▶ **Raw data**
'''

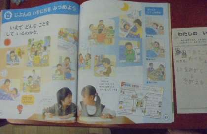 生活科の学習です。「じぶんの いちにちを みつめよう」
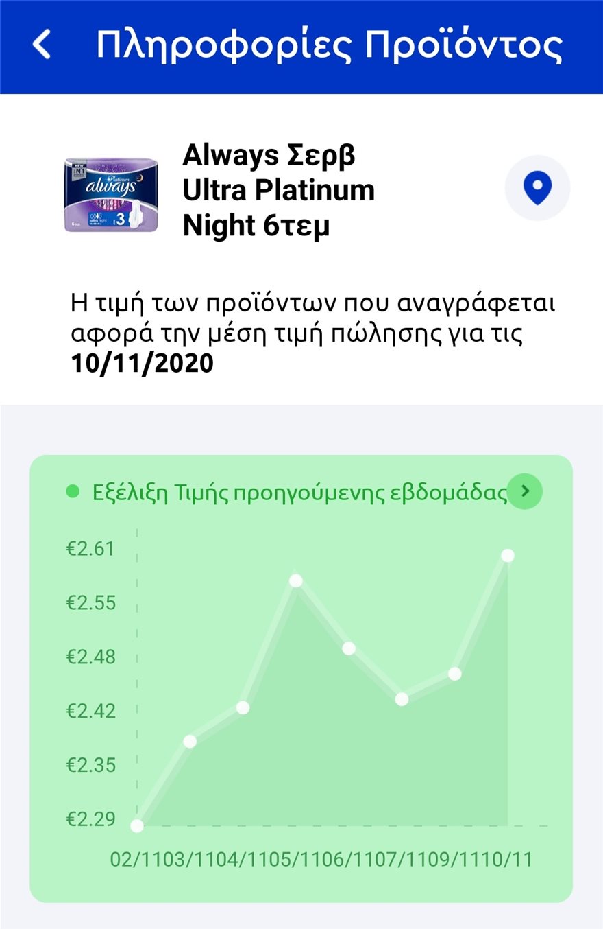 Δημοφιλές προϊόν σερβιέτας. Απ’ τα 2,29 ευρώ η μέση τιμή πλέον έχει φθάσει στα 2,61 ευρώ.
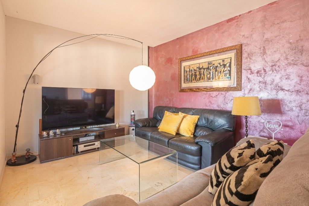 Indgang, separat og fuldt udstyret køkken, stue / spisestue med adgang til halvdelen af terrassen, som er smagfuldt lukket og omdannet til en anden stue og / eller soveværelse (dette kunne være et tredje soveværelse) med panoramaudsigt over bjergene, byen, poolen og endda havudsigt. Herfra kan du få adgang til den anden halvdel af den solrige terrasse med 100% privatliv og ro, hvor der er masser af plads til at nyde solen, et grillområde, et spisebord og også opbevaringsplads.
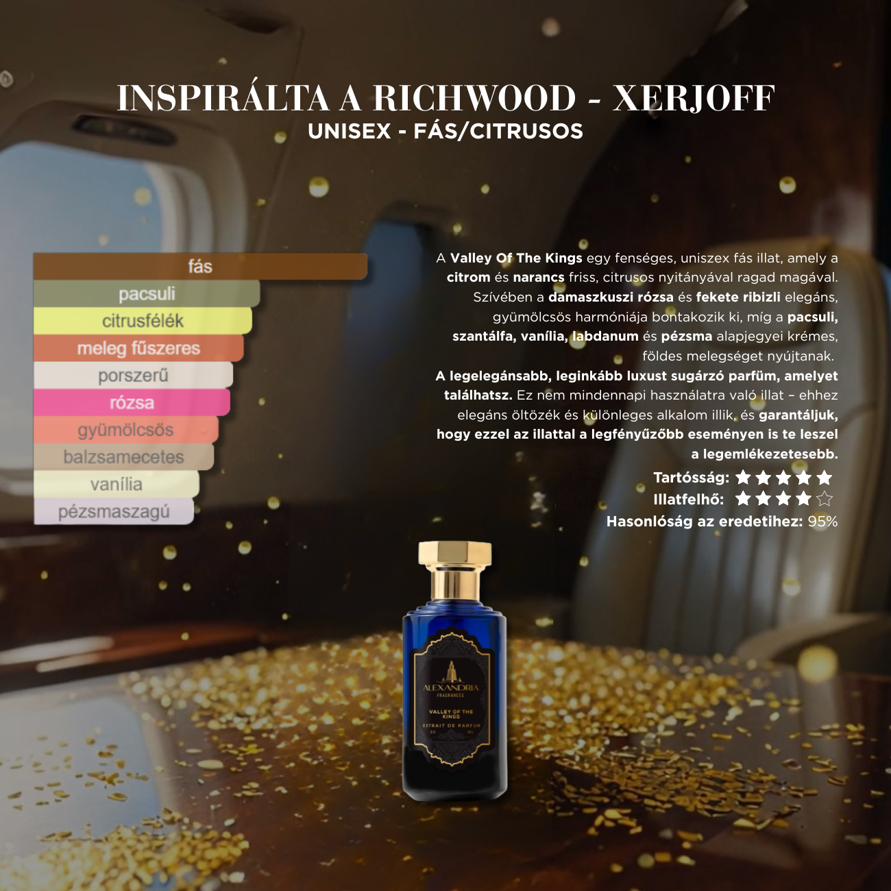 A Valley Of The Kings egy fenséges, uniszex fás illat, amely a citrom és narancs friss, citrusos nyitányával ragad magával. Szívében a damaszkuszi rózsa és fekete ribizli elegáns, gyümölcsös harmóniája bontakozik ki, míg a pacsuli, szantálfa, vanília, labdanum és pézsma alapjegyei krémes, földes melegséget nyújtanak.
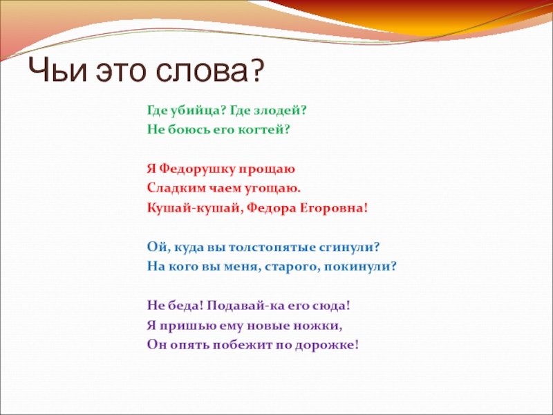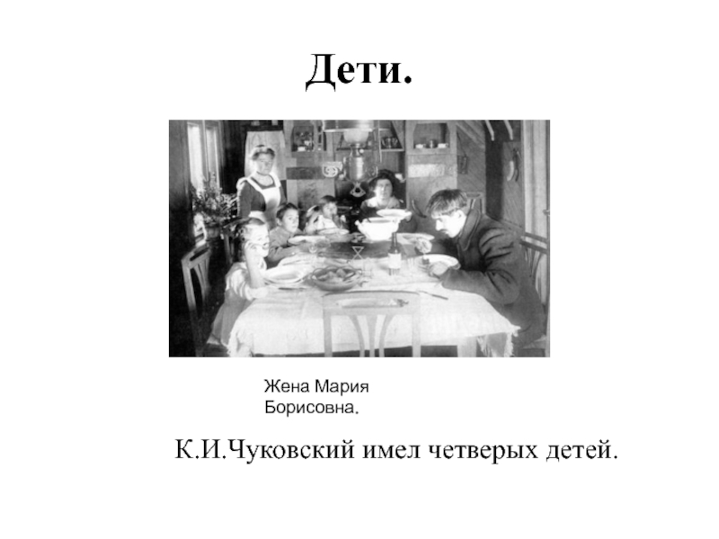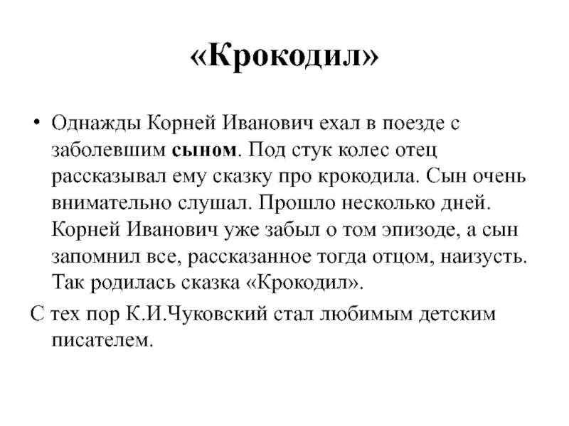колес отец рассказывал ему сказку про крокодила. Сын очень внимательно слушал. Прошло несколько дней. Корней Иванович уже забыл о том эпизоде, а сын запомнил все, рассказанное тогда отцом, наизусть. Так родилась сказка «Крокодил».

'''
'''

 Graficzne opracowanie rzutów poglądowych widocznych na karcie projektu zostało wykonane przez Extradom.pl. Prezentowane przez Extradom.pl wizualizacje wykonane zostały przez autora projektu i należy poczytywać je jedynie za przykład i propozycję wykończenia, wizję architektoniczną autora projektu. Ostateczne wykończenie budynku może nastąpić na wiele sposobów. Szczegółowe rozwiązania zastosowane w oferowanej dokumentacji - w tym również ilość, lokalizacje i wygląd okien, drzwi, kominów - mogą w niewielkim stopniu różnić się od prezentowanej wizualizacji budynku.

'''

▶ **Goal of the exercise**
Leaving every picture aside, reproduce exactly the lines above from the one with "生活科の学習です。「じぶんの いちにちを みつめよう」" up to and including the one with "Indgang, separat og", and no others.

▶ **Result of this task**
 生活科の学習です。「じぶんの いちにちを みつめよう」
 Δημοφιλές προϊόν σερβιέτας. Απ’ τα 2,29 ευρώ η μέση τιμή πλέον έχει φθάσει στα 2,61 ευρώ.
 Indgang, separat og fuldt udstyret køkken, stue / spisestue med adgang til halvdelen af terrassen, som er smagfuldt lukket og omdannet til en anden stue og / eller soveværelse (dette kunne være et tredje soveværelse) med panoramaudsigt over bjergene, byen, poolen og endda havudsigt. Herfra kan du få adgang til den anden halvdel af den solrige terrasse med 100% privatliv og ro, hvor der er masser af plads til at nyde solen, et grillområde, et spisebord og også opbevaringsplads.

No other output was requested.